1701592650000    12000000  (-)
 230000______

6. Repeat with "250000", "270000", "290000", "310000" and "330000":

1451592650000    13000000  (-)
 250000______

1181592650000    14000000  (-)
 270000______

0891592650000    15000000  (-)
 290000______

0581592650000    16000000  (-)
 310000______

0251592650000    17000000  (-)
 330000______

7. Note that you cannot go further, as 350000 is greater than 251592 so it is time to move on to the next digit. That is, we increase the last digit by one (from 330000 to 340000) and the begin the process anew at the next position. Clear the register, enter "341000", shift left 5 places and subtract:

0217492650000    17100000  (-)
  341000_____

8. Repeat using "343000", "345000", "347000", "349000", "351000" and "353000":

0183192650000    17200000  (-)
  343000_____

0148692650000    17300000  (-)
  345000_____

0113992650000    17400000  (-)
  347000_____

0079092650000    17500000  (-)
  349000_____

0043992650000    17600000  (-)
  351000_____

0008692650000    17700000  (-)
  353000_____

8. Next digit. Clear the register, start with "354100" shifted left 4 places, and repeat with "354300":

0005151650000    17710000  (-)
   354100____

0001608650000    17720000  (-)
   354300____

9. Next digit. Clear the register, start with "354410" shifted left 3 places, then "354430", "354450" and "354470":

0001254240000    17721000  (-)
    354410___

0000899810000    17722000  (-)
    354430___

0000545360000    17723000  (-)
    354450___

0000190890000    17724000  (-)
    354470___

10. Next digit. Clear the register, start with "354481" shifted left 2 places, followed by "354483", "354485", "354487" and "354489":

0000155441900    17724100  (-)
     354481__

0000119993600    17724200  (-)
     354483__

0000084545100    17724300  (-)
     354485__

0000049096400    17724400  (-)
     354487__

0000013647500    17724500  (-)
     354489__

11. The rest is easy, as we can now proceed as with regular division. Do NOT clear the register, just shift the number right by one position and subtract as many times as you can:

0000003012830    17724530  (-)
      354489_

12. Shift one more time to the right and subtract as many times as you can:

0000000176918    17724538  (-)
       354489

That's it. The square root of pi is 1.7724538 to 8 significant digits.

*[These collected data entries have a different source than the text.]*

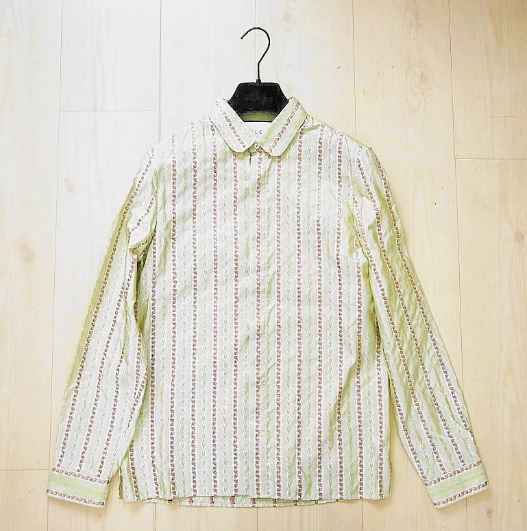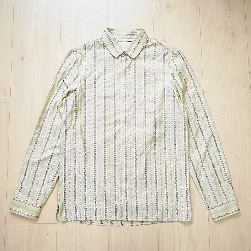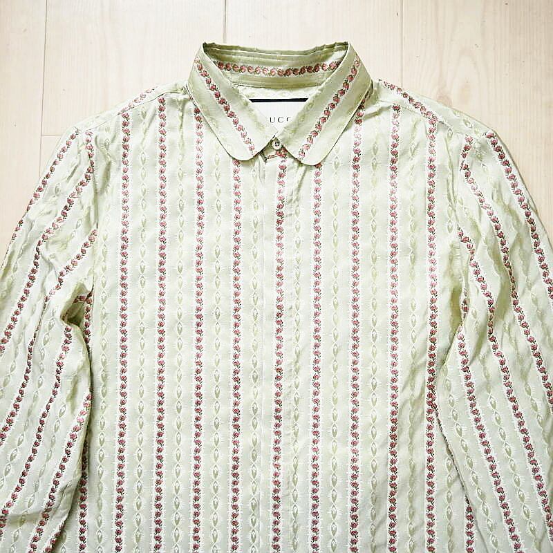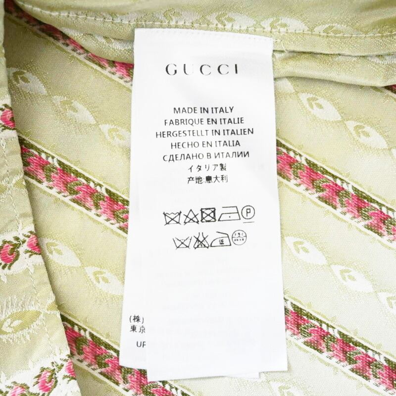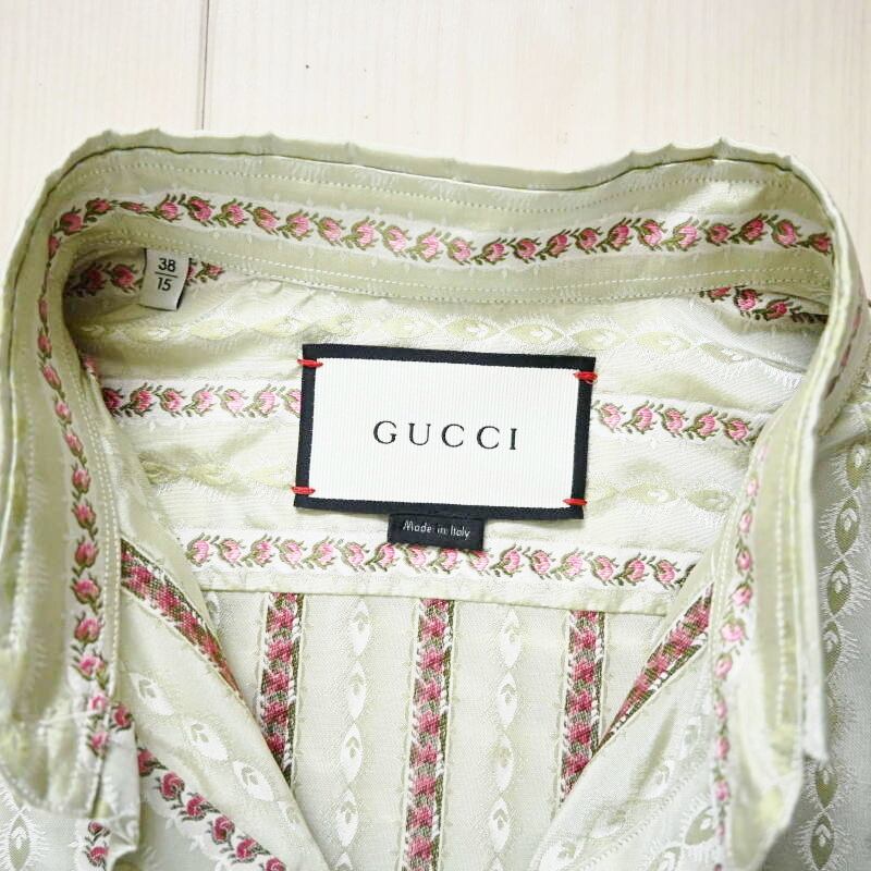 GUCCI グッチ フラワー刺繍総柄 シルク 長袖シャツ 38/15 カーキ T07-k164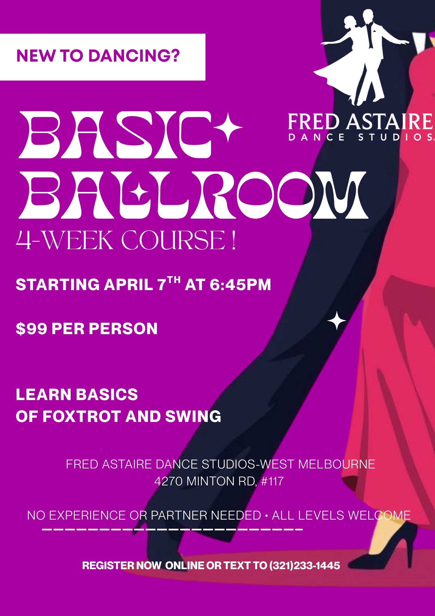 Join us at Fred Astaire Dance Studio – West Melbourne for our 4-Week Basic Ballroom Course, designed specifically for beginners. In a fun and welcoming environment, you’ll learn the fundamentals of two of the most popular social dances — Foxtrot and Swing.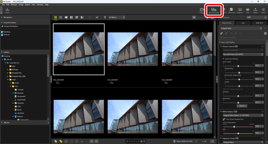 If you choose an image taken using pixel shift and click [Pixel shift merge] in the toolbar, the software will detect the sequence and merge those images into a single file (Pixel Shift Merge).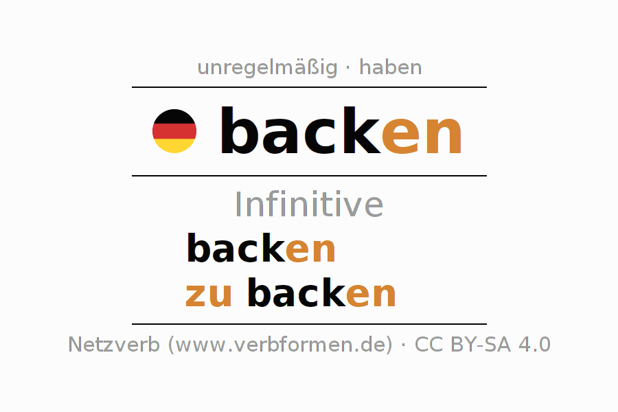 Die Konjugation von backen im Infinitiv Präsens Perfekt Grundform Aktiv ist: backen, zu backen.Die Bildung dieser Formen entspricht gewissen grammatischen Regeln. So auch die Vorgaben zur Konjugation der einfachen Verbformen von backen im Infinitiv. 16Kommentare ☆5.0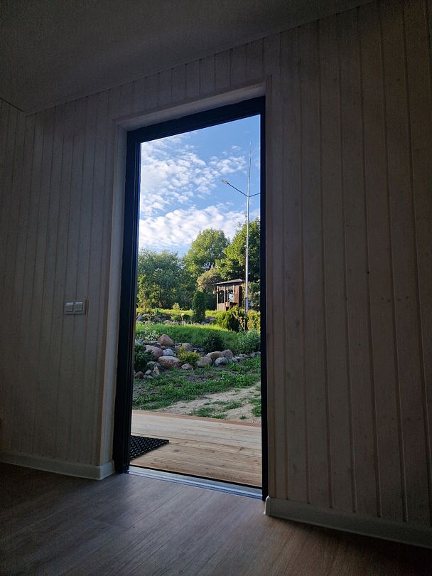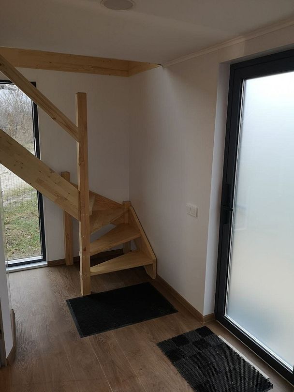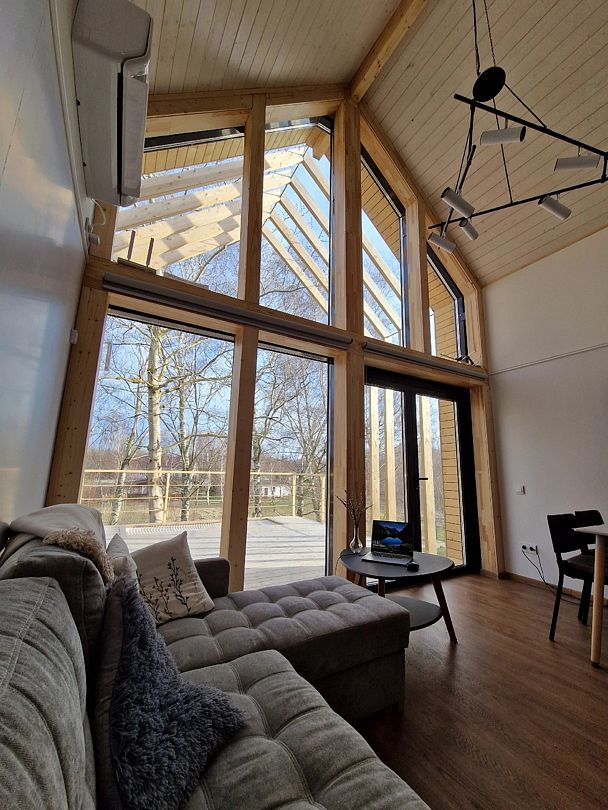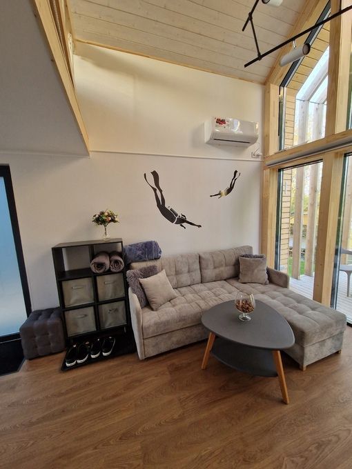 🏡Расположен на базе отдыха "Кусто" в Янтарном, в 50 метрах от пляжа Янтарного озера и в 700 метрах от Балтийского пляжа. Открытая планировка создает ощущение простора, а двусветное остекление наполняет дом естественным светом. На первом этаже находится укомплектованная кухня (микроволновая печь, чайник, тостер, индукционная двухкомфорочная плита, полноценный холодильник с морозильной камерой), обеденная зона для четырех гостей и телевизор с SmartTV. В гостевой зоне раскладывающийся диван, журнальный столик. Также есть кондиционер, подогрев полов и рулонные шторы блэкаут.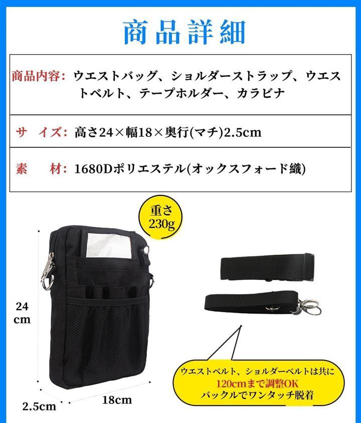 v「商品仕様」 商品内容:ウエストバッグ、ショルダーストラップ、ウエストベルト、テープホルダー、カラビナ サイズ:高さ24x幅18x奥行(マチ)2.5cm 重量:230g 素材:1680Dポリエステル(オックスフォード織)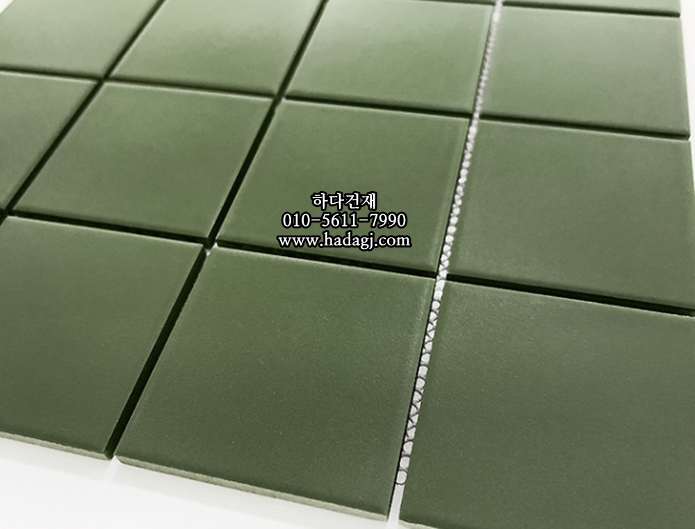 정사각 모자이크타일 73x73x7T 그린티 그린 무광 자기질타일 / 하다건재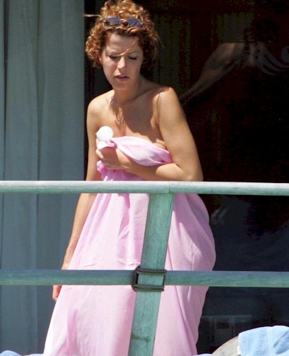 Natasha Kaplinsky is a British newsreader who just got married and these candids are from her honeymoon. NUDE honeymoon apparently. The guy she married found himself a hot bird, thats for sure!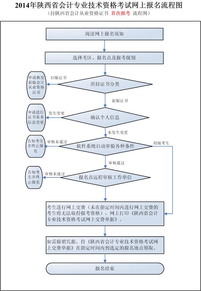 2014年初级会计职称持陕西省会计从业资格证书首次报考流程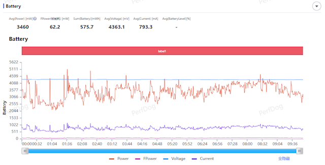 游戏中平均功耗为3.46W,每帧能耗为62.2mW。

There are other methods but this is the best that I can presently recall, which requires no a priori estimate of the square root, no external tools, and relatively little mental arithmetic (you just need to keep track of the number that goes into the register).

One tricky bit is ensuring that you start with the right decimal position; obviously, the digits of the square root of 2 are quite different from the digits of the square root of 20.

The other tricky bit is using the calculator's decimal places with maximum efficiency. This was accomplished by shifting the value all the way to the left before transferring it to the accumulator, and always using 6-digit numbers, padded with zeroes, when subtracting.